**PROBLEM TO SOLVE**
Once you find the line containing "1865 CIVIL WAR" in the data below, copy it and each following line exactly, up to and including the line containing "上面这张图的文竹,最理想的处理方式,就是把枯黄的枝条剪掉。", and nothing else.

**EXERCISE MATERIALS**
↓↓↓

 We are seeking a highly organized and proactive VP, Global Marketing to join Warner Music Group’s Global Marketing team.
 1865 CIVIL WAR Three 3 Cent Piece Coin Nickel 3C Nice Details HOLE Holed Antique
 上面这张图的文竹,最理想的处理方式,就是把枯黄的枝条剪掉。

↑↑↑
↓↓↓

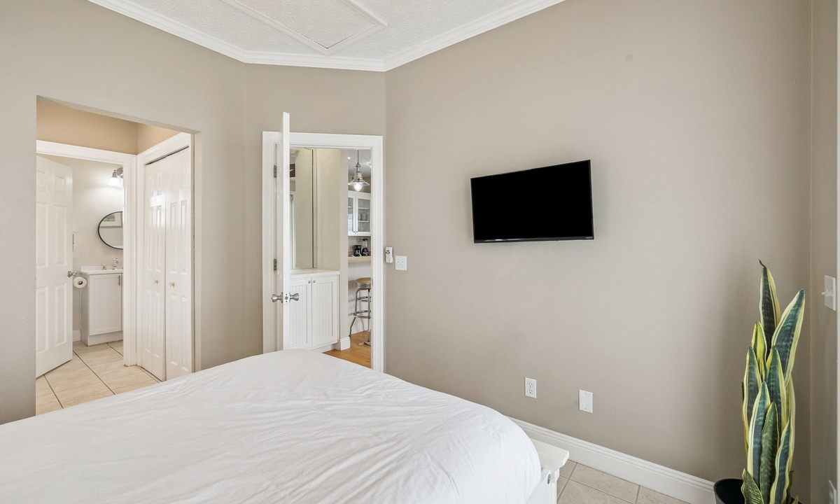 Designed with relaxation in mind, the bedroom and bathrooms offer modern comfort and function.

↑↑↑
↓↓↓

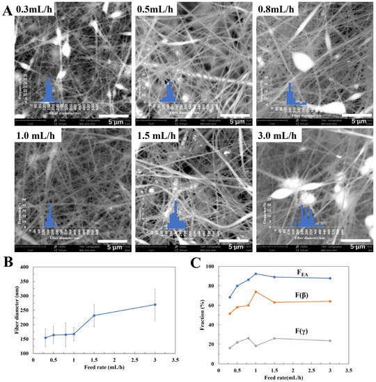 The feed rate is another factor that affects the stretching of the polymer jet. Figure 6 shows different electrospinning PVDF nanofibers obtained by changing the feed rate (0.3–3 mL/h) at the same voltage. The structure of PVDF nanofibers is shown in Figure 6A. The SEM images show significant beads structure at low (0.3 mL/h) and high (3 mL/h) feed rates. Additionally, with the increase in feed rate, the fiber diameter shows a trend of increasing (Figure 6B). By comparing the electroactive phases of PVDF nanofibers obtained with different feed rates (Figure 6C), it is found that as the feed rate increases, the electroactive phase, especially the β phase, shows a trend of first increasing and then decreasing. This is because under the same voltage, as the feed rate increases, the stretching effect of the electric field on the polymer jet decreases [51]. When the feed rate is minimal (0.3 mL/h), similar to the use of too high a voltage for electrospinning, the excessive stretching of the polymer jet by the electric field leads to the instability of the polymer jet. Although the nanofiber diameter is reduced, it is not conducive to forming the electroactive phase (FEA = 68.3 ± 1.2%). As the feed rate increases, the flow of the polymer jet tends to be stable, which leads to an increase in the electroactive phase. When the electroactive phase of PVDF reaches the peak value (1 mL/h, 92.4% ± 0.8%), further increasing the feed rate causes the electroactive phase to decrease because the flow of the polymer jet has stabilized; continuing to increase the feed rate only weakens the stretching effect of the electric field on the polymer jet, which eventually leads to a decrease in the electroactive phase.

↑↑↑

**PROBLEM SOLUTION**
 1865 CIVIL WAR Three 3 Cent Piece Coin Nickel 3C Nice Details HOLE Holed Antique
 上面这张图的文竹,最理想的处理方式,就是把枯黄的枝条剪掉。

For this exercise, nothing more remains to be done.